● **Data extracts**:
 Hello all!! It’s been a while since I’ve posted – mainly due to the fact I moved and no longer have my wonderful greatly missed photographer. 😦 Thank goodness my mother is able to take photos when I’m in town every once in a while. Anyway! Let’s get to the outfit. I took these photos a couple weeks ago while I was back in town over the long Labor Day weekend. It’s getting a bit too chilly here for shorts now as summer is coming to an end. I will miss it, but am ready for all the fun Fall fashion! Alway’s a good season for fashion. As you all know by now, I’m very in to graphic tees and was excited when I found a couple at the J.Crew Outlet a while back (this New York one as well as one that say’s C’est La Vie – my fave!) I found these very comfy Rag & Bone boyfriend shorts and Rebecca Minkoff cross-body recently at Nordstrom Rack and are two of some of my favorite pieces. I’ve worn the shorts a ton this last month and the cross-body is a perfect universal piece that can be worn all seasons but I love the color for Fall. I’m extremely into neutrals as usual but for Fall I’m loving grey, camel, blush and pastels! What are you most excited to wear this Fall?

...

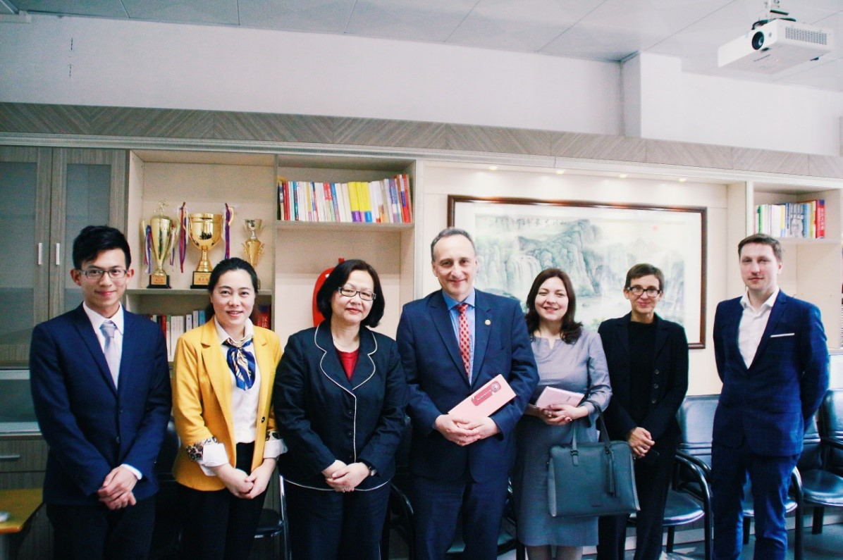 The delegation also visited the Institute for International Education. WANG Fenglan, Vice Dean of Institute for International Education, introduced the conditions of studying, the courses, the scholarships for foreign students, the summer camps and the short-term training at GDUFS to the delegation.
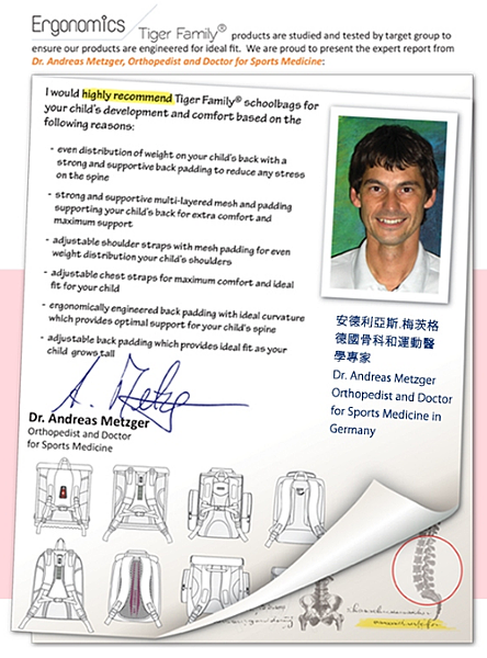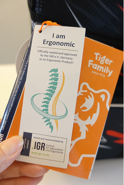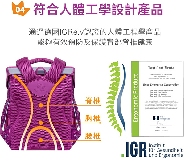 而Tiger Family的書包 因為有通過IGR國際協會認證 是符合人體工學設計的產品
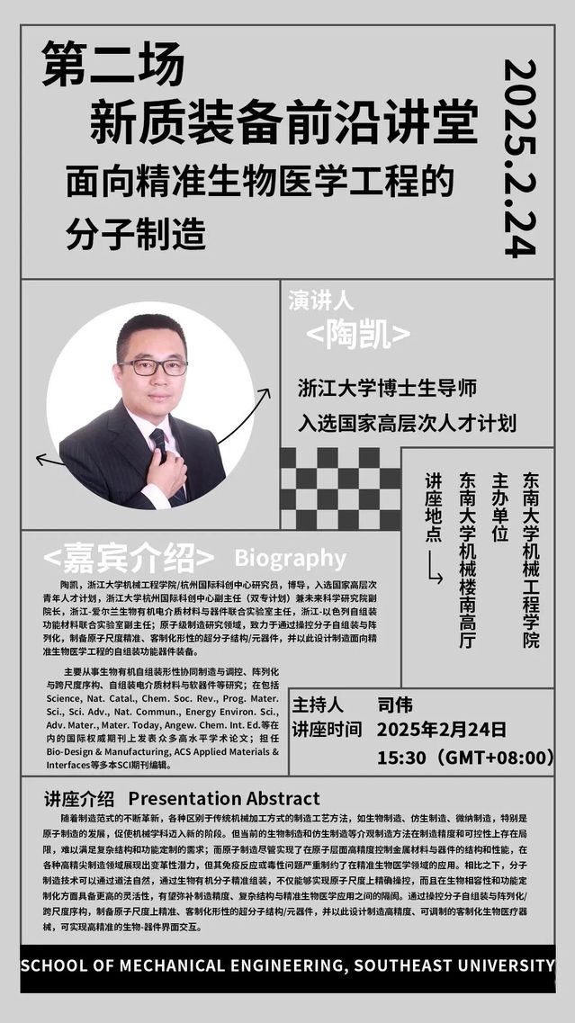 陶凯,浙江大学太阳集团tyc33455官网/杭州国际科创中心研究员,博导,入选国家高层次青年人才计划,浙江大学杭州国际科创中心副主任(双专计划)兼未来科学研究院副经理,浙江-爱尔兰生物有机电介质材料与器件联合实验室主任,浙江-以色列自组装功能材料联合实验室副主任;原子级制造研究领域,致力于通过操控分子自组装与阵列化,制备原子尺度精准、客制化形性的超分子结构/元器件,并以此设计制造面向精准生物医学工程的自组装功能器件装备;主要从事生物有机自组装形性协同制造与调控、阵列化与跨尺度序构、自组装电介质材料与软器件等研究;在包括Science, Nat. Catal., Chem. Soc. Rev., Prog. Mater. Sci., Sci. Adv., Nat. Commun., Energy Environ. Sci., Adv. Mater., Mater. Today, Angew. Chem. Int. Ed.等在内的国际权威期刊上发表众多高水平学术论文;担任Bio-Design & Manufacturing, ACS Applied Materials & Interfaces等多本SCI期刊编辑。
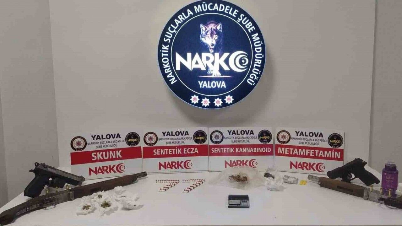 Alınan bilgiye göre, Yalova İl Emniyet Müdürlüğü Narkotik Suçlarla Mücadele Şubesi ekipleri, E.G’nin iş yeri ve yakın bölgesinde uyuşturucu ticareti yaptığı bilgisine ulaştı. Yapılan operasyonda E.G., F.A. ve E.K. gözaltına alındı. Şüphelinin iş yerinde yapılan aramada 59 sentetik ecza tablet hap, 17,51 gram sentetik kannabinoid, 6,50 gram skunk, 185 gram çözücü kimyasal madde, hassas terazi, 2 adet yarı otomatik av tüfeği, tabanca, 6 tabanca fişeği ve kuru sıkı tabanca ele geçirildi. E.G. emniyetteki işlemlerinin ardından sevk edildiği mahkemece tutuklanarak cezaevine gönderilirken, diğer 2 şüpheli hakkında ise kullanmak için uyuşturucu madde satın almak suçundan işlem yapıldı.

...

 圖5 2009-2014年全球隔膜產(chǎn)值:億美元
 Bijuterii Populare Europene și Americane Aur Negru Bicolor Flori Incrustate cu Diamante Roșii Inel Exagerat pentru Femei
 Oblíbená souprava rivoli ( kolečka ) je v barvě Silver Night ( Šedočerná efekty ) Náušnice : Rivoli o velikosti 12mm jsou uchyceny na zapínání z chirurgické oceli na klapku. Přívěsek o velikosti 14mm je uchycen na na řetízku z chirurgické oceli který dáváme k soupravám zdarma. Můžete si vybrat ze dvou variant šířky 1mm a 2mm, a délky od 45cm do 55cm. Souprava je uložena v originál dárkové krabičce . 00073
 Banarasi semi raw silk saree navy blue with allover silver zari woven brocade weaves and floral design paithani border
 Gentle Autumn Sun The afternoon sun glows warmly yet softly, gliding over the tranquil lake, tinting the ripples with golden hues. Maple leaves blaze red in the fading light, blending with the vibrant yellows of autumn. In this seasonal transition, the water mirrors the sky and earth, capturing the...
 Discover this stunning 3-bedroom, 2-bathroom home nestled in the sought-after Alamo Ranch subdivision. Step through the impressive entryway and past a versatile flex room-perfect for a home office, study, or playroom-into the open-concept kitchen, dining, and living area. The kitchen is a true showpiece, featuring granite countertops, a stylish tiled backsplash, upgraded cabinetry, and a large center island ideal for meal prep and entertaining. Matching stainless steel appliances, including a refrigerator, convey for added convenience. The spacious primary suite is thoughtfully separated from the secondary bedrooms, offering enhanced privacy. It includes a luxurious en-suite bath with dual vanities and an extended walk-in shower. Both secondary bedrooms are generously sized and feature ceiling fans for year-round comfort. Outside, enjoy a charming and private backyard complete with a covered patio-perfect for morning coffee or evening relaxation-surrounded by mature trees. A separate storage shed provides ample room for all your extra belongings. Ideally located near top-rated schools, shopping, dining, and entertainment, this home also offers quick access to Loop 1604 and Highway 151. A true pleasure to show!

● **What the task requires**:
Copy out only the lines above from the one with "Bijuterii Populare Europene" to the one with "Gentle Autumn Sun", inclusive, exactly as they stand.

● **Answer**:
 Bijuterii Populare Europene și Americane Aur Negru Bicolor Flori Incrustate cu Diamante Roșii Inel Exagerat pentru Femei
 Oblíbená souprava rivoli ( kolečka ) je v barvě Silver Night ( Šedočerná efekty ) Náušnice : Rivoli o velikosti 12mm jsou uchyceny na zapínání z chirurgické oceli na klapku. Přívěsek o velikosti 14mm je uchycen na na řetízku z chirurgické oceli který dáváme k soupravám zdarma. Můžete si vybrat ze dvou variant šířky 1mm a 2mm, a délky od 45cm do 55cm. Souprava je uložena v originál dárkové krabičce . 00073
 Banarasi semi raw silk saree navy blue with allover silver zari woven brocade weaves and floral design paithani border
 Gentle Autumn Sun The afternoon sun glows warmly yet softly, gliding over the tranquil lake, tinting the ripples with golden hues. Maple leaves blaze red in the fading light, blending with the vibrant yellows of autumn. In this seasonal transition, the water mirrors the sky and earth, capturing the...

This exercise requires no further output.